The news was announced by Wing Commander Pratheep Wichittho, Deputy Director of Airports of Thailand (AOT) Public Co Ltd, yesterday.
“We have hired a consultancy company to research and come up with a model for commercial activities at all [AOT] regional airports. They have until June next year to complete the plan. After that, we will select the operators for every commercial activity to be conducted at the airports: shops, taxis, ground handling and food stalls,” said Mr Pratheep.
“Once built, the new terminal will be for international passengers and the existing terminal will be used for domestic flights, so it is best to organize the commercial zones and concessions before the Phuket expansion project is completed,” he added.
Phuket Airport will be the first AOT regional airport to use the plan drawn up by the consultancy, and the plan will be developed specifically to match the expansion project, Mr Pratheep said.
“So we have frozen the number of taxis operating at the airport for time being. Phuket Mai Khao Company has 110 taxis and the Phuket Car Service (PCS) Cooperative has 180, and there are 80 metered taxis, which will all continue to serve the airport until plan is completed,” he explained.
As the concessions the two non-metered taxi companies were operating under expired on September 30, the concessions were extended under the current conditions until June 2013, Mr Pratheep added.
The PCS in June this year requested to boost the number of its vehicles at the airport as part of its negotiations in renewing it concession, which expired on September 30.
Lack of agreement prompted a visit by the Senate Standing Committee for Transportation in August, during which Prakop Punyawai, who presented himself as the “managing director” of PCS, said, “The AOT is considering allowing 30 more metered taxis to serve the airport, but according to the concession we have with AOT, if you allow 30 more metered taxis to serve the airport, you must allow us to boost our numbers by 60 vehicles.
“Under the current concession we have, we now pay the AOT 1.5 million baht a month.
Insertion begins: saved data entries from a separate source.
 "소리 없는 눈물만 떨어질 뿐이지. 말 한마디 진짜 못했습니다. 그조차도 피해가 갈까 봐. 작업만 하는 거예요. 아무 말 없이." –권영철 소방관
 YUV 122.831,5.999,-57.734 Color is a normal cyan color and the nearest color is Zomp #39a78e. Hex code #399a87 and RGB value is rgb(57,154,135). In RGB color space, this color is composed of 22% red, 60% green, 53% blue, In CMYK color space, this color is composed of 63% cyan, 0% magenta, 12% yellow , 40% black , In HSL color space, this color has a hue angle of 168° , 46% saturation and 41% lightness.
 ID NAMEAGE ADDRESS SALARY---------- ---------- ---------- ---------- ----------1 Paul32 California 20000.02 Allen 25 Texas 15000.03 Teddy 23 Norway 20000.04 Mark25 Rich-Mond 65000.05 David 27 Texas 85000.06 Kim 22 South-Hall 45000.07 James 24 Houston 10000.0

This is a very high price,” Mr Prakop said.
However, Kecha Saksomboon, Chairman of the Senate Standing Committee for Transportation, who was present at the meeting at Phuket Airport in August, yesterday said he agreed with the plan to freeze the number of taxis at the airport.
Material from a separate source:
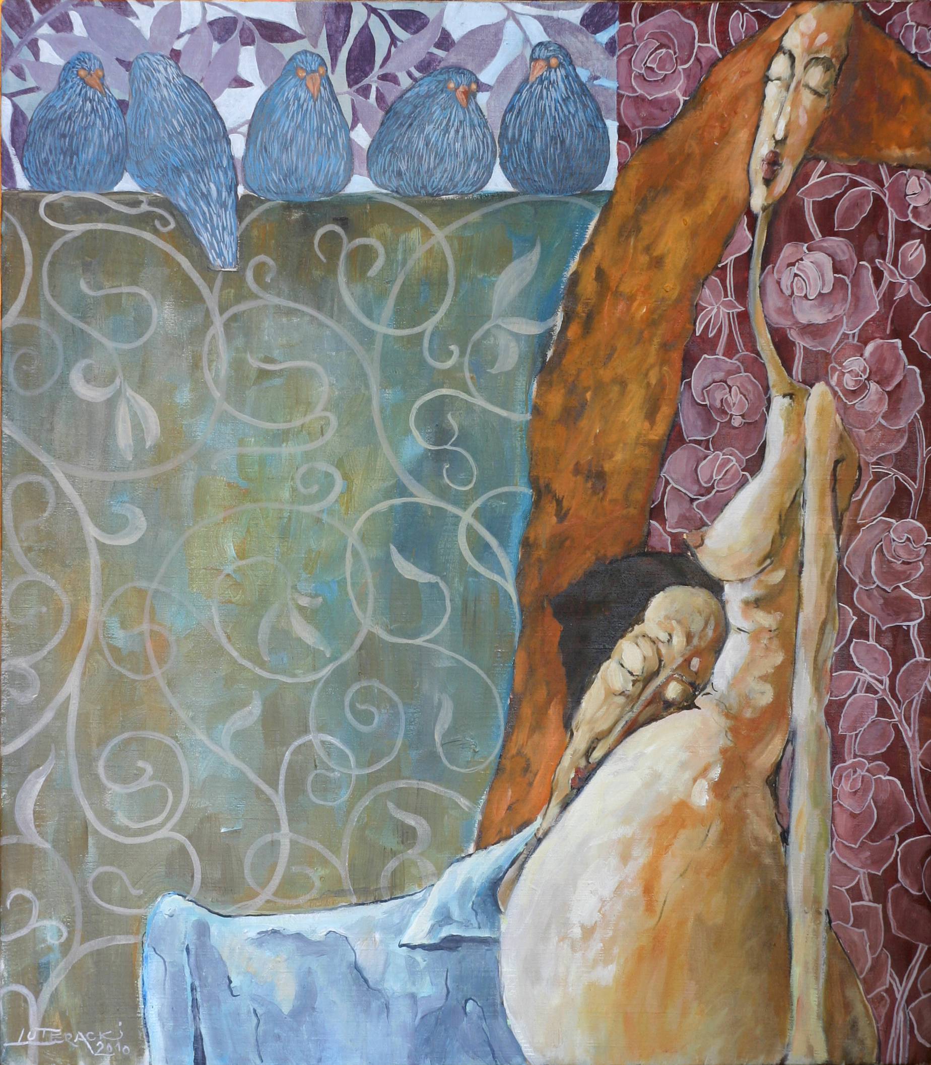 Obraz emanuje tajemniczym wdziękiem, łącząc w sobie bogactwo kolorów i kształtów. Po lewej stronie widzimy pięć niebieskich ptaków z pomarańczowymi dziobami, które siedzą na tle delikatnych, wijących się liści. Ich równe odstępy tworzą harmoniczną kompozycję. Przeważające chłodne, zielonkawe i fioletowe tonacje nadają tej części obrazu poczucie spokoju. Z drugiej strony, intensywne czerwone róże tła kontrastują z postacią o wydłużonych, subtelnych liniach. Postać odchylona do tyłu, wygląda jakby unosiła się w zadumie. Atmosfera obrazu jest jak mżawka ciepłego dnia – delikatna, ale pełna emocji. Styl obrazu można określić jako mieszankę surrealizmu z elementami abstrakcji. Detale takie jak ptasie pióra czy twarze postaci są wyraziste, ale jednocześnie mają w sobie nutkę „dreamy” tajemniczości. Te różnorodne techniki, głównie akrylowe, wprowadzają widza w stan kontemplacji. Jedno spojrzenie wystarczy, by poczuć tę delikatną mieszankę spokoju i niepokoju, jakby czas stanął w miejscu na moment, dokładnie ten. Dla mnie ten obraz to podróż w głąb siebie. Jak na niego patrzę, czuję lekkie mrowienie. Może to dziwne, ale tak jest. Myślę, że artysta wodospadzie emocji, wprowadza nas w refleksję nad równowagą i dualizmem świata. To dzieło sztuki skłania do zastanowienia się nad naszymi emocjonalnymi więzami i często kruchą, lecz piękną równowagą życia. Ciekawe, co na ten temat powie siedmiolatka – „Ptaki siedzą i chyba lubią ten obrazek”. W końcu sztuka to właśnie to – emocje, które każdy odczuwa na własny sposób.

“The current taxi concessionaires have agreed to extend their contracts for six months. We have to wait for the airport research to be conducted and for the plan to be drawn up of how to best manage commercial operators at the airports. That would be best for both sides.”
However, Jirawich Pitikulsathit of Phuket Center Tours called for AOT to restrict the number of shops and service kiosks permitted to operate at the airport.
“Local businesses such as ourselves have been operating out of Phuket Airport since it opened 24 years ago, and we would like the airport to consider limiting the number of new operators allowed because right now the inside of terminal seems tight and jumbled,” he said.
The AOT came under criticism earlier this year for being too focused on collecting rents on shops at the airport terminals it operates, including Phuket, namely by allowing too many shops to open on the premises.
Earlier this month, on the 24th anniversary of Phuket Airport operating, AOT Executive Vice President (Regional Airports) Acting Sub Lt Naris Yoadchan said, “In the year up to last month we made 1.7 billion baht profit, that is 20mn baht more than the previous year, and we expect that to increase that by 10 per cent in the next financial year.”
Sub Lt Naris also apologized for any inconvenience to travellers during the expansion work, which he said would begin this month when the first of the foundation piles is driven into the ground.